What faults can’t happen?

no more than f out of 3f+1 replicas can be faulty
no client failure – clients never do anything bad
no guessing of crypto keys or breaking of cryptography

Example use scenario:

RM:
  echo A > grade
  echo B > grade
  tell YM "the grade file is ready"
YM:
  cat grade

A faulty system could:

totally make up the file contents
execute write(“A”) but ignore write(“B”)
show “B” to RM and “A” to YM
execute write(“B”) only only some of the replicas

Bad BFT designs

Let’s try to design our own byzantine-fault-tolerant RSM

start simple (and broken), work towards paper’s design

Design 1: Wait for all servers

client, \(n\) servers
client sends request to all of them
client waits for all \(n\) to reply
client only proceeds if all \(n\) agree

What’s wrong with design 1?

not fault-tolerant: one faulty replica can stop progress by disagreeing

Design 2: Wait for \(f+1\) out of \(2f+1\)

let’s have replicas vote
\(2f+1\) servers, assume no more than \(f\) are faulty
client waits for \(f+1\) matching replies
- if only \(f\) are faulty, and network works eventually, must get them!

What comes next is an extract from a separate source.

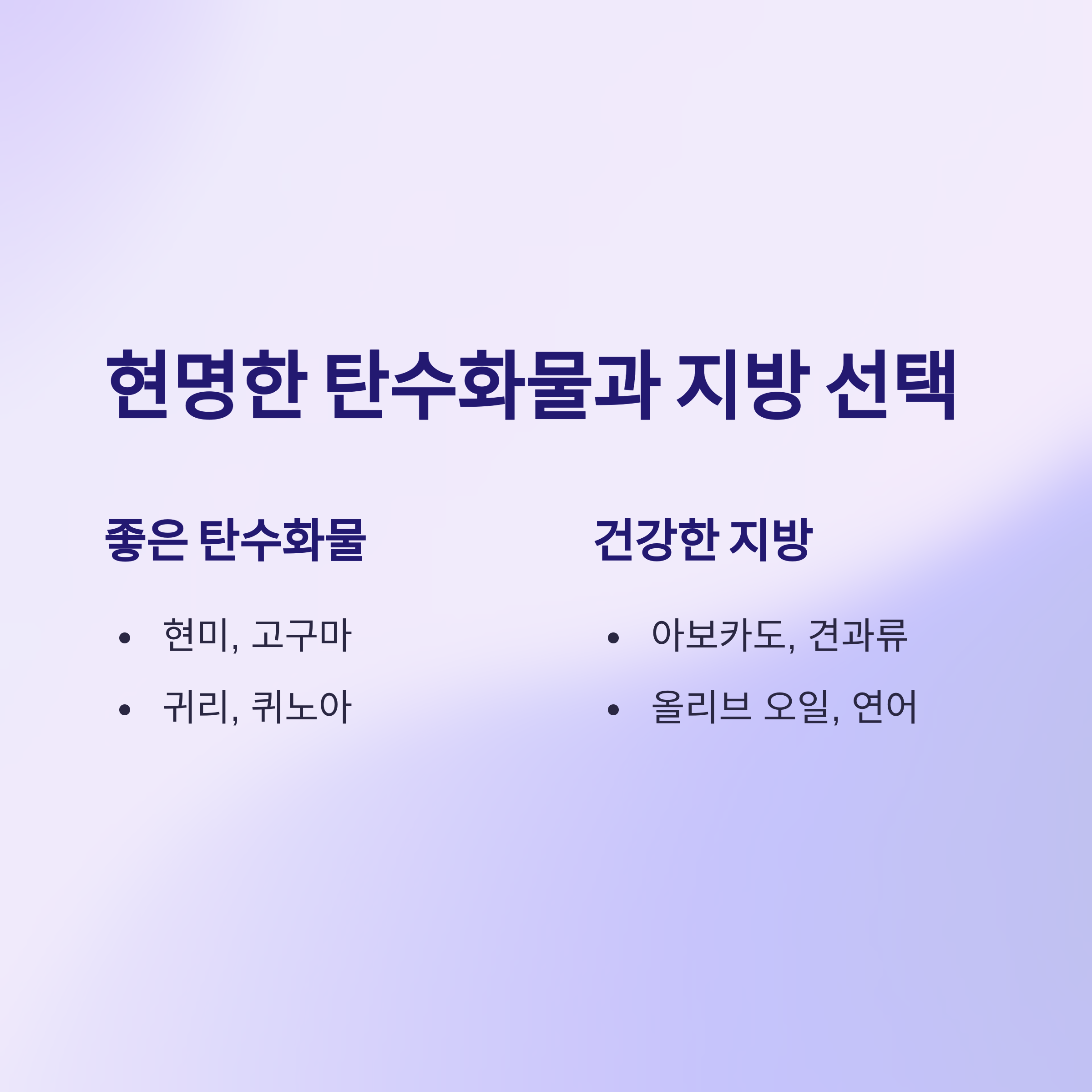 - 좋은 탄수화물: 현미, 고구마, 귀리, 퀴노아
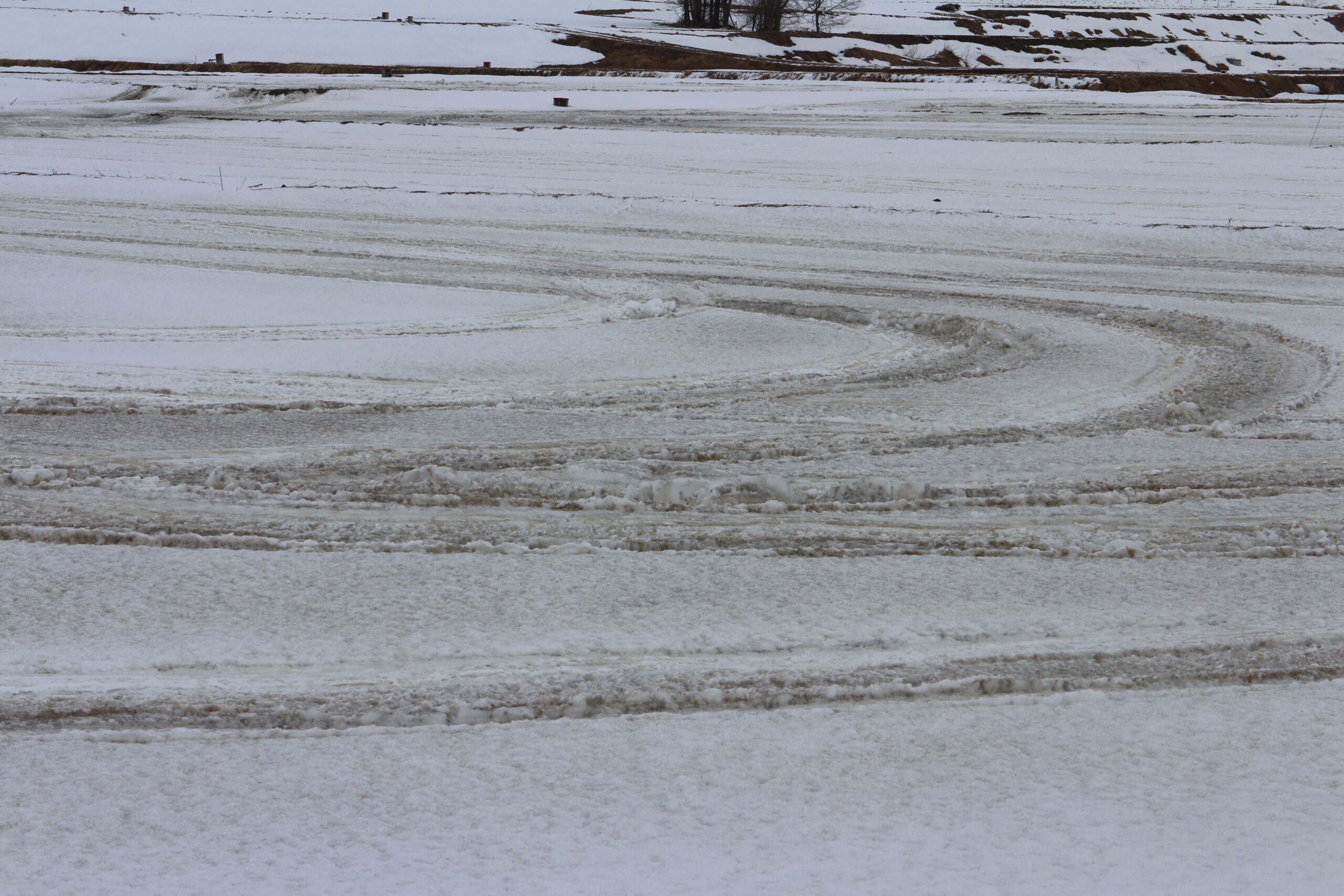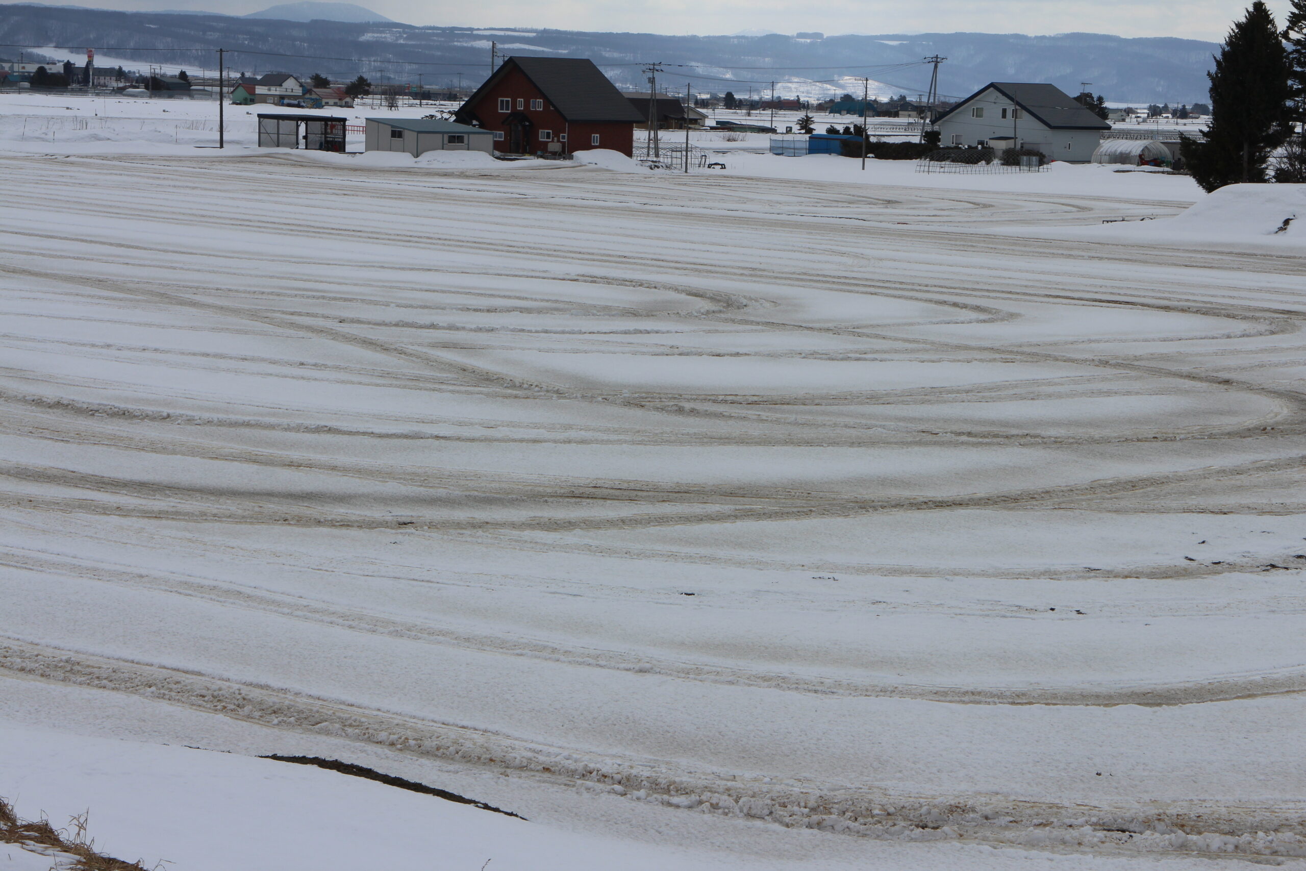 融雪剤を撒いた田んぼの風景です。

What’s wrong with design 2’s 2f+1?

not safe: \(f+1\) matching replies might be from \(f\) malicious nodes and just 1 good (because the other \(f\) nodes are delayed)
- so maybe only one good node got the operation!
- in other words, client can’t wait for replies from the last \(f\) replicas
  - they might be faulty, never going to reply
  - so must be able to make a decision after \(n-f\) replies (i.e., \(f+1\) since \(n=2f+1\))
  - but \(f\) of the first \(f+1\) replies might be from faulty replicas!
    - i.e., \(f+1\) is not enough to vote: waiting for \(f+1\) of \(2f+1\) doesn’t ensure that majority of good nodes executed
next operation op2 also waits for \(f+1\)
- might not include that one good node that saw op1
Example:
- \(S_1\) \(S_2\) \(S_3\) (\(S_1\) is bad)
- everyone hears and replies to write(“A”)
- \(S_1\) and \(S_2\) reply to write(“B”), but \(S_3\) misses it
  - client can’t wait for \(S_3\) since it may be the one faulty server
- \(S_1\) and \(S_3\) reply to read(), but \(S_2\) misses it
- so read() yields “A”
Result: client tricked into accepting a reply based on out-of-date state
- e.g. TA reads A instead of B from grades file

Design 3: Wait for \(2f+1\) out of \(3f+1\)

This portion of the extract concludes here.